* EXTRACTED INFORMATION
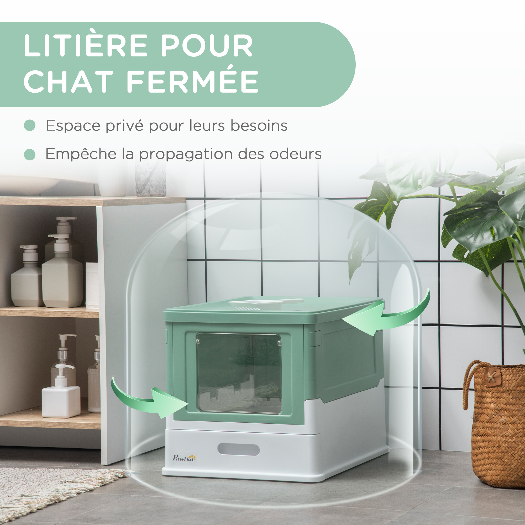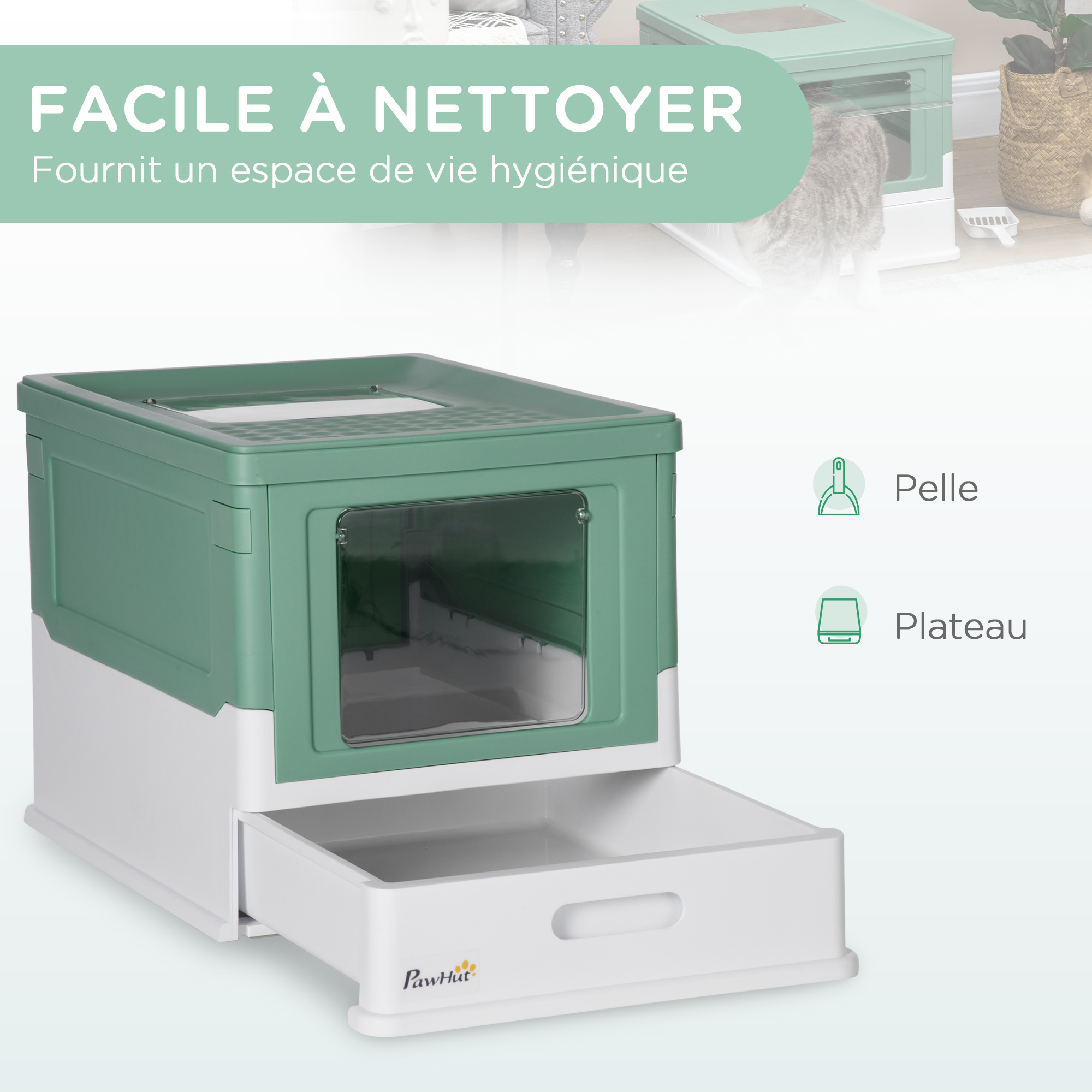 | Libellé | Maison de toilette pliable pour chat - tiroir à litière coulissant, porte battante et trappe transparente, pelle - blanc vert |
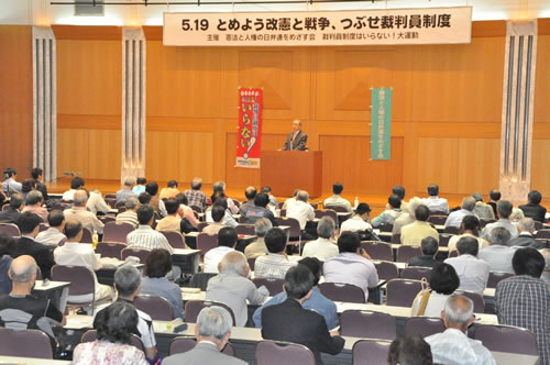 5月19日夜、東京・霞が関の弁護士会館講堂クレオで「とめよう改憲と戦争、つぶせ裁判員制度」集会が360人の参加で開かれた。主催・協賛は「憲法と人権の日弁連をめざす会」など4団体。
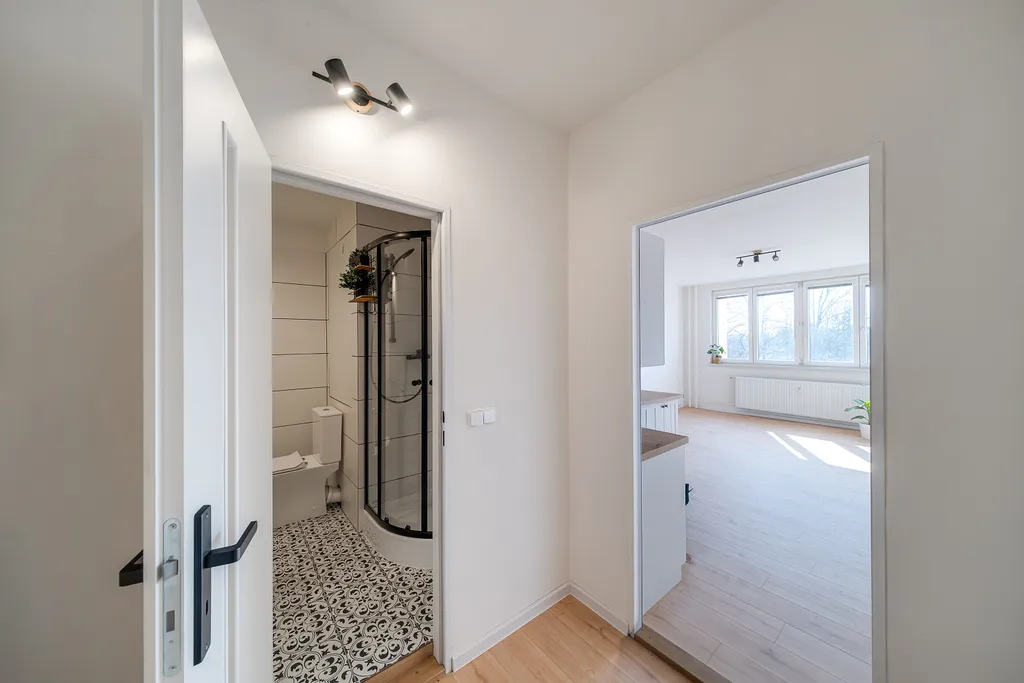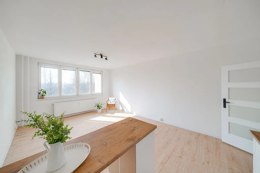 Byt se nachází ve zvýšeném přízemí revitalizovaného panelového domu. Díky provedené rekonstrukci na vás čeká moderní a čistý interiér, který je připraven k okamžitému nastěhování. Srdcem bytu je stylová kuchyň s ostrůvkem, vybavená vestavnou troubou a varnou deskou, která poskytuje velkorysý prostor pro vaření i posezení. Moderní koupelna disponuje sprchovým koutem, praktickou skříňkou a toaletou.
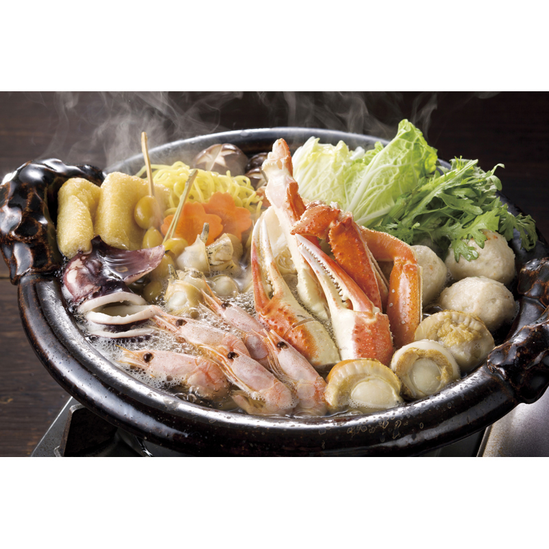 | コピー | 「ずわいがに」をはじめ「海老」や「帆立」などの魚介を詰め合わせ、各素材の旨味が活きる塩仕立ての鍋に仕上げました。シメは残りたれに「ラーメン」を入れてお楽しみください。 |
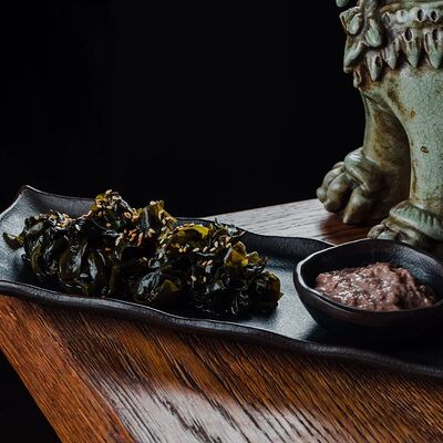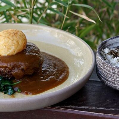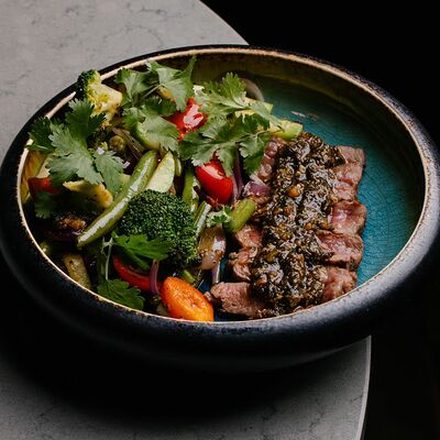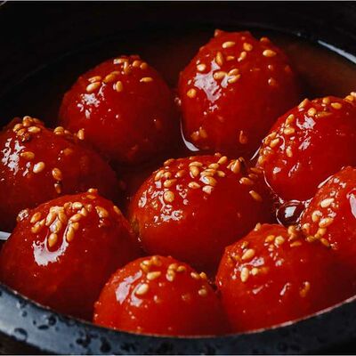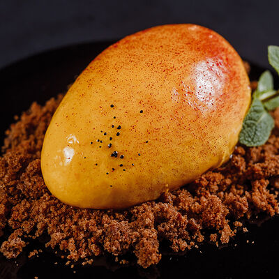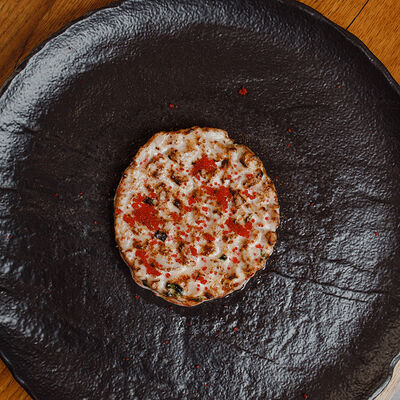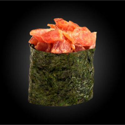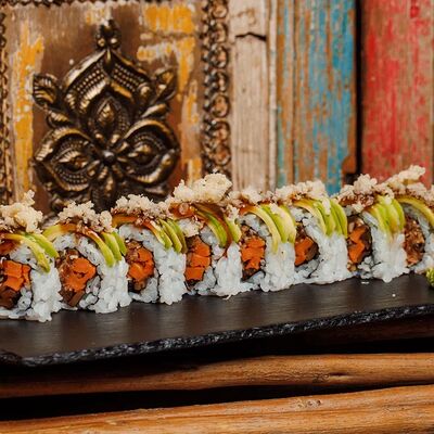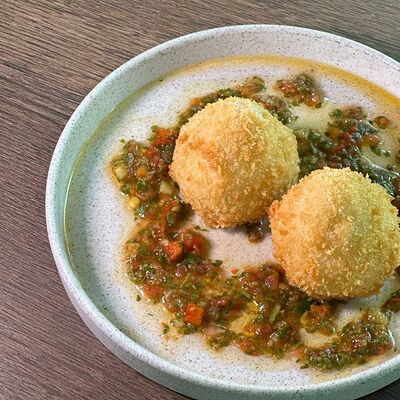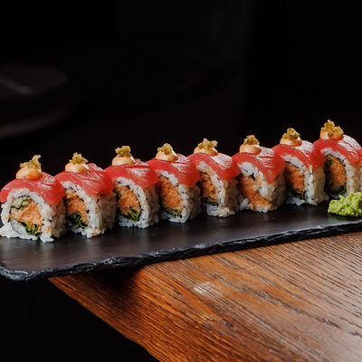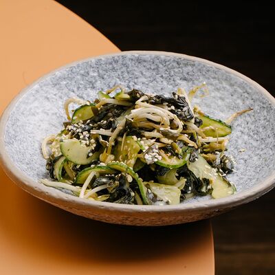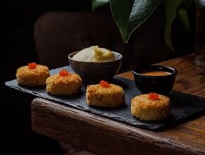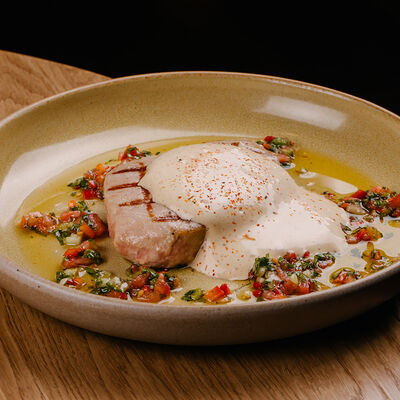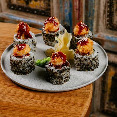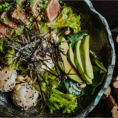 Рисовые шарики в кунжуте, филе тунца прожарки rare, спелый авокадо, проростки сои и пашот в кисло -сладкой заправке
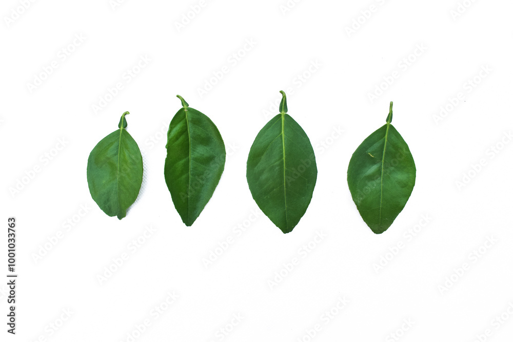 wet green leaves isolated on white background, top view, Mandarin leaf, Citrus leaves on white. Orange, lemon, lime, tangerine leaf isolated. Leaf set top view. Leaves flat lay. With clipping path.
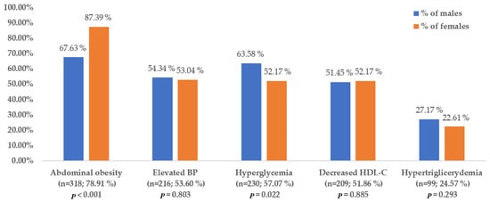 In our cohort, the predominant element of metabolic syndrome was abdominal obesity (n = 318; 78.91%), followed by hyperglycemia (n = 230; 57.07%), elevated blood pressure (n = 216; 53.60%), and reduced HDL-C concentration (n = 209; 51.86%), with hypertriglyceridemia being the least prevalent component (n = 99; 24.57%). A statistically significant difference in the prevalence of specific components of metabolic syndrome based on gender was observed only in abdominal obesity (which was more prevalent in females—87.39% vs. 67.63%; p < 0.001) and hyperglycemia (more prevalent in men—63.58% vs. 52.17%; p = 0.022)—Figure 1 illustrates the full gender differentiation of metabolic syndrome components in our group.
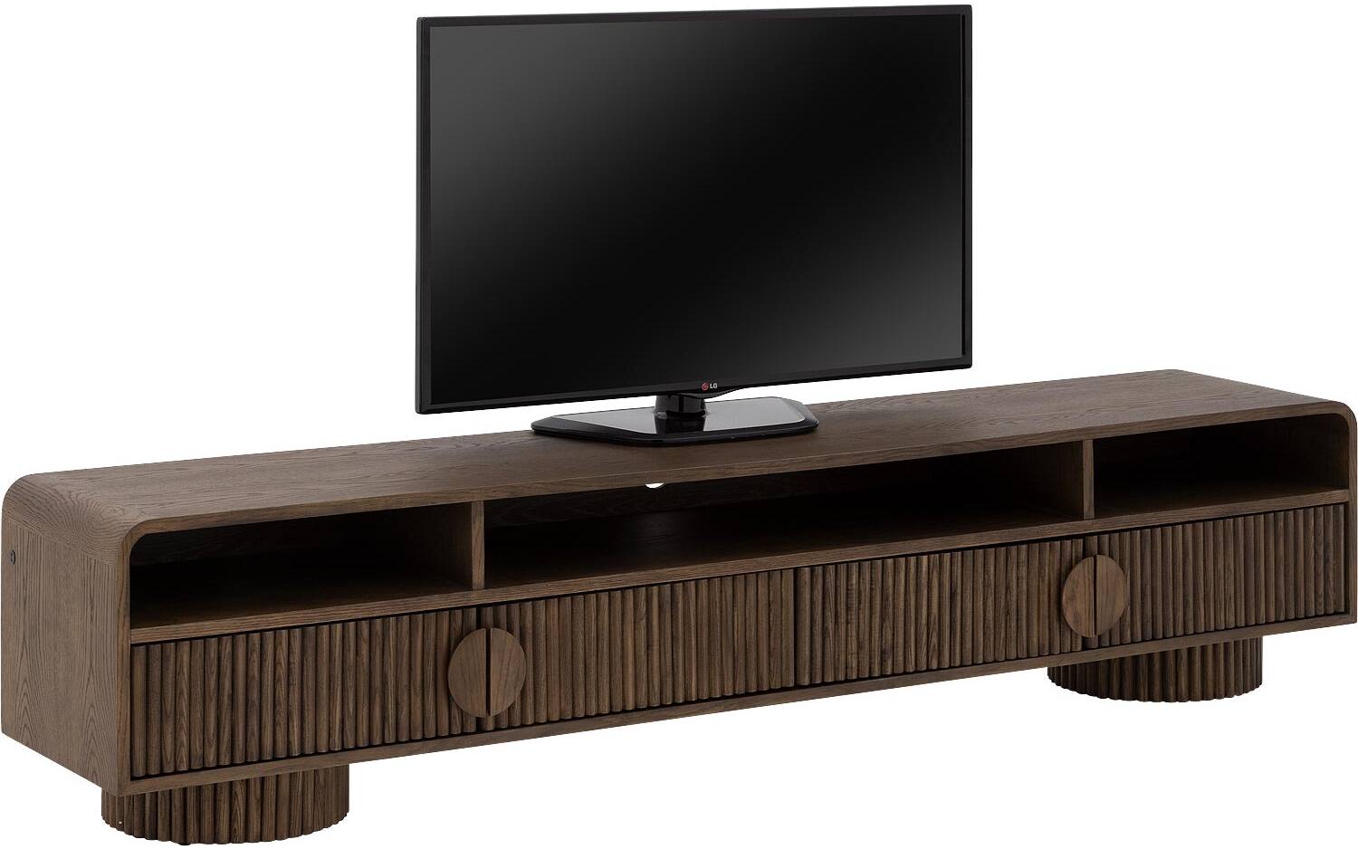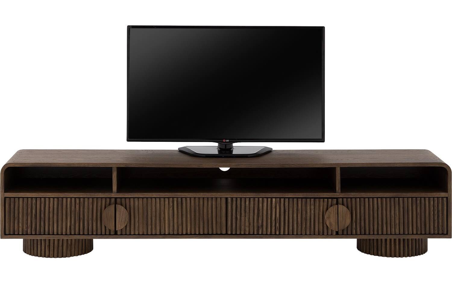 Met een breedte van 210 cm en hoogte van 42 cm past dit tv meubel onder vrijwel elke televisie. De open vakken zijn ideaal voor je receiver, spelcomputer of decoratie, terwijl de gesloten compartimenten rommel uit het zicht houden.
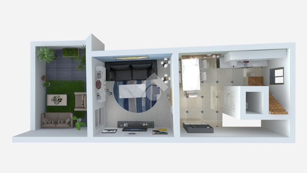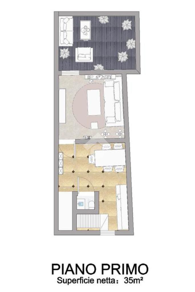 Entrando troviamo una scala interna che conduce alla zona giorno composta da una cucina abitabile con canmino, un piccolo bagno cieco di servizio e un soggiorno con accesso al terrazzo.
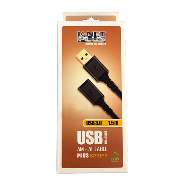 کابل افزایش طول USB3.0 کی نت پلاس دارای طول 1.5 مترمی باشد از این کابل برای ارتقا انواع کابل یو اس بی با سرعت بالا استفاده می شود. از لحاظ مشخصات ظاهری دارای پوششی با روکش از جنس (PVC) و همچنین کانکتوری از جنس آلومینیوم طلایی است. و ضمن تجهیز به قابلیت ضد نویز، پورت ورودی (USB AM) و خروجی (USB AF) و محافظ داخلی با پوششی از جنس شیلد و فویل، قادر است از تصاویری با وضوح بالا پشتیبانی کامل کند. ناگفته نماند که زاویه سوکت این کابل بصورت استاندارد طراحی شده و علاوه بر آن جنس سر کانکتور این کابل از نوع آلومینیوم (GOLD PLATED) می باشد و برای افزایش طول کابل نوع (USB Type C) بسیار کاربردی است.
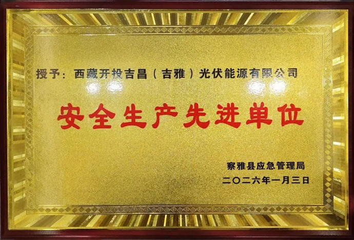 近日,西藏開投吉昌(吉雅)光伏能源公司被察雅縣應急管理局授予“安全生產(chǎn)先進單位”榮譽稱號。
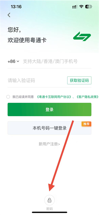 3、在登录界面底部,点击密码选项,切换至密码登录模式。
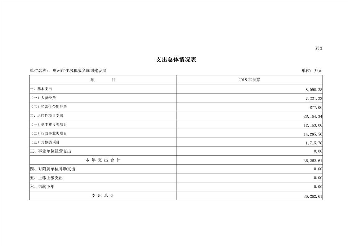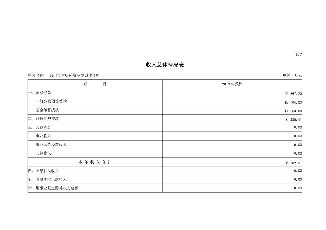 惠州市住房和城鄉規劃建設局2018年度部門預算公開
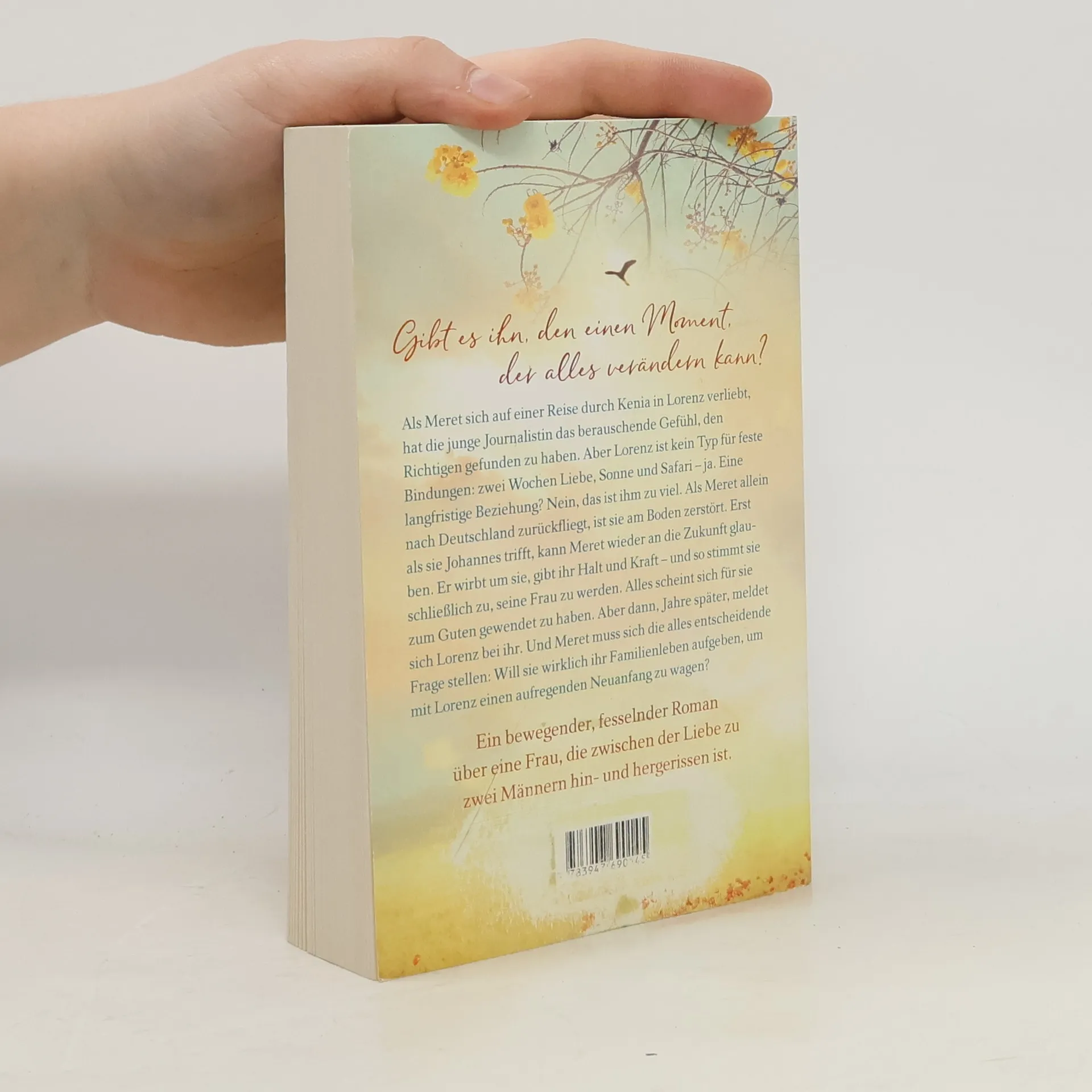 In Kenia lernt Meret den faszinierenden Lorenz kennen. Zum ersten Mal hat die junge Journalistin das berauschende Gefühl, dass alles stimmt – und verliebt sich rückhaltlos! Aber der Dokumentarfilmer ist kein Typ für feste Bindungen: Als Meret nach Deutschland zurückfliegt, lässt er sie ohne Bedauern ziehen. Sie ist am Boden zerstört. Hat er die Einzigartigkeit ihrer Gefühle nicht gespürt? Es fällt Meret schwer, sich ein Leben ohne ihn vorzustellen … Erst als sie Johannes trifft, kann sie wieder an das Glück glauben. Der zuverlässige, liebevolle Jurist gibt ihr Halt und Kraft – bis ein Anruf von Lorenz sie an allem zweifeln lässt, was sie sich aufgebaut hat … Ein eindringlicher Roman über eine Frau, die zwischen der Liebe zu zwei Männern hin- und hergerissen ist.

* WHAT YOU SHOULD DO
Quote, without alteration, the lines running from the line containing "Met een breedte" to the last line of the entries, and include no pictures.

* TASK RESPONSE
 Met een breedte van 210 cm en hoogte van 42 cm past dit tv meubel onder vrijwel elke televisie. De open vakken zijn ideaal voor je receiver, spelcomputer of decoratie, terwijl de gesloten compartimenten rommel uit het zicht houden.
 Entrando troviamo una scala interna che conduce alla zona giorno composta da una cucina abitabile con canmino, un piccolo bagno cieco di servizio e un soggiorno con accesso al terrazzo.
 کابل افزایش طول USB3.0 کی نت پلاس دارای طول 1.5 مترمی باشد از این کابل برای ارتقا انواع کابل یو اس بی با سرعت بالا استفاده می شود. از لحاظ مشخصات ظاهری دارای پوششی با روکش از جنس (PVC) و همچنین کانکتوری از جنس آلومینیوم طلایی است. و ضمن تجهیز به قابلیت ضد نویز، پورت ورودی (USB AM) و خروجی (USB AF) و محافظ داخلی با پوششی از جنس شیلد و فویل، قادر است از تصاویری با وضوح بالا پشتیبانی کامل کند. ناگفته نماند که زاویه سوکت این کابل بصورت استاندارد طراحی شده و علاوه بر آن جنس سر کانکتور این کابل از نوع آلومینیوم (GOLD PLATED) می باشد و برای افزایش طول کابل نوع (USB Type C) بسیار کاربردی است.
 近日,西藏開投吉昌(吉雅)光伏能源公司被察雅縣應急管理局授予“安全生產(chǎn)先進單位”榮譽稱號。
 3、在登录界面底部,点击密码选项,切换至密码登录模式。
 惠州市住房和城鄉規劃建設局2018年度部門預算公開
 In Kenia lernt Meret den faszinierenden Lorenz kennen. Zum ersten Mal hat die junge Journalistin das berauschende Gefühl, dass alles stimmt – und verliebt sich rückhaltlos! Aber der Dokumentarfilmer ist kein Typ für feste Bindungen: Als Meret nach Deutschland zurückfliegt, lässt er sie ohne Bedauern ziehen. Sie ist am Boden zerstört. Hat er die Einzigartigkeit ihrer Gefühle nicht gespürt? Es fällt Meret schwer, sich ein Leben ohne ihn vorzustellen … Erst als sie Johannes trifft, kann sie wieder an das Glück glauben. Der zuverlässige, liebevolle Jurist gibt ihr Halt und Kraft – bis ein Anruf von Lorenz sie an allem zweifeln lässt, was sie sich aufgebaut hat … Ein eindringlicher Roman über eine Frau, die zwischen der Liebe zu zwei Männern hin- und hergerissen ist.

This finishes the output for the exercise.